Playoff Numbers

 Written by Tim Kreutzfeldt

 @kjackmansports, facebook.com/jackmansports, jackmansports@yahoo.com

76:   Marc Gasol and Zach Randolph’s combined field goal percentage against San Antonio in game 1.

Say what you want about Manu Ginobli’s injury hurting the West’s top seed, but the bigger problem for the Spurs right now seems to be their frontcourt. The veteran combination of Tim Duncan and Antonio McDyess combined with Dejaun Blair’s hyper-energetic from the bench looked to be San Antonio’s defensive key to victory against the Grizz. The failure of this plans foreshadows serious problems for the Spurs as the first round rolls on.

With the Memphis big men completely dismantling San Antonio in game 1, the rest of the series looks somewhat bleak for the Spurs. Considering Tony Parker and George Hill will be faced with the challenge of keeping up with Mike Conley and Tony Allen (John Hollinger’s pick for Most-Improved Player), Popovich’s club may be out-matched in this series.

30:   the number of a certain player New Orleans apparently doesn’t need to take down the reigning champs at the Staples Center. Analysts may have overemphasized the absence of David West for the Hornets, as Chris Paul seemed pretty comfortable leading the team to victory without him.

The problem with defending the Hornets is that even without West, all five players in the adjusted starting five averaged double digits in points during the regular season. New Orleans got valuable—although somewhat unlikely—production out of Jarret Jack, Aaron Gray and Carl Landry, in game 1, leading to a resounding, “Where did this guy come from?” out of L.A.

Pau Gasol may be wishing he could defend West for the rest of the series, because the ease with which Paul scored in his face on mismatches in the late-game was pretty astounding. Then again, Paul is arguably a mismatch for whoever is guarding him. More episodes of the Kobe-CP3 show are probably to come in game 2.

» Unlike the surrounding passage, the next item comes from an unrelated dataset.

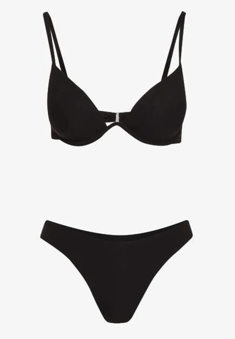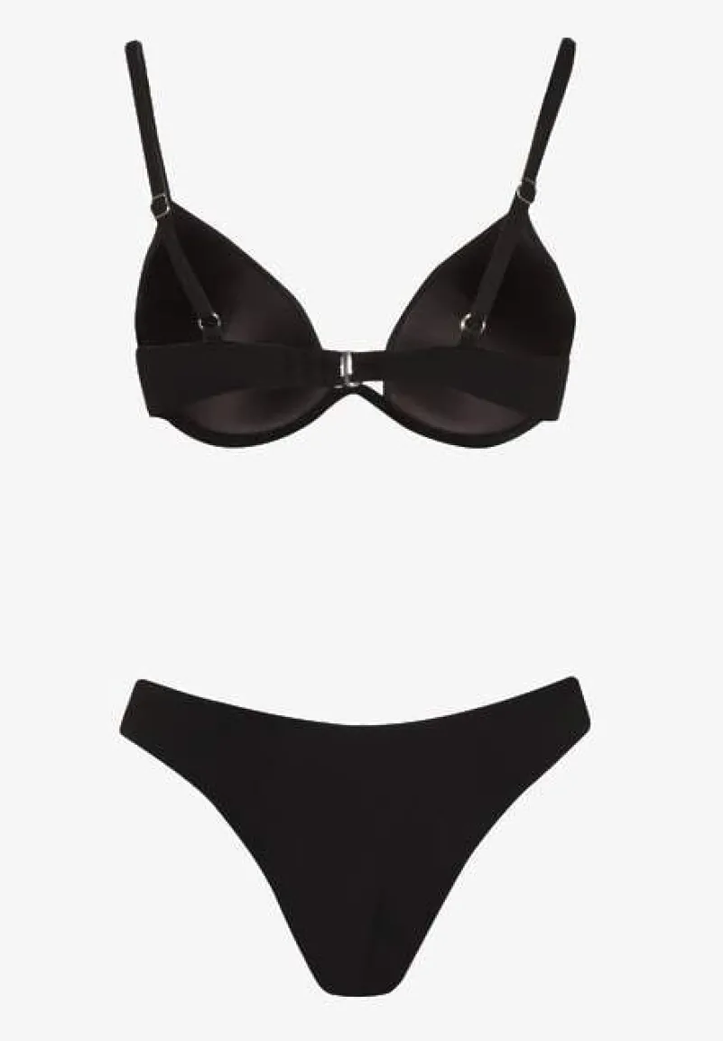 Czarne Bikini Usztywniany Biustonosz z Zapięciem z Tyłu i Majtkami Figami Ermarie

20: the number of points Magic players not named Dwight Howard or Jameer Nelson scored against their Southeast rival Hawks in game 1. This stands in stark contrast to Atlanta’s five players scoring in double figures that combined to shoot the lights out of the gym at a 53% clip.

Hats off to the Hawks’ defense for rendering Hedo Turkoglu and Jason Richardson completely useless. However, whatever Atlanta coach Larry Drew’s goal was in rotating five different centers onto Howard for the night, it definitely didn’t work. Howard scored 46 points on 16-23 shooting and got 22 shots from the charity stripe.

For a team that lives and dies by the jump-shot, Atlanta may have consistency troubles keeping up with Orlando for the rest of the series. Look for continued Howard domination and some more effort out of Orlando’s role players in game 2.

0: the number of field goals made by Carmelo Anthony in the fourth quarter of game 1 against the Celtics. Anthony scored a total of 3 points in the entire second half, and only 1 of those points came in the fourth quarter.

 New York fans have good reason to be frustrated with their recent acquisition that was supposed to launch them to the top of the East. Anthony’s 5-18 shooting performance on the night was far from clutch, and total reliance on Amare Stoudemire won’t give the Knicks any ground over Boston’s big 4 any day.

 With Chauncey Billups likely watching game 2 from the sidelines, more shooting woes for Melo will certainly spell another defeat for the Knicks. Yet, for arguably the best jump-shooter in the NBA, you never know what kind of production you’ll get.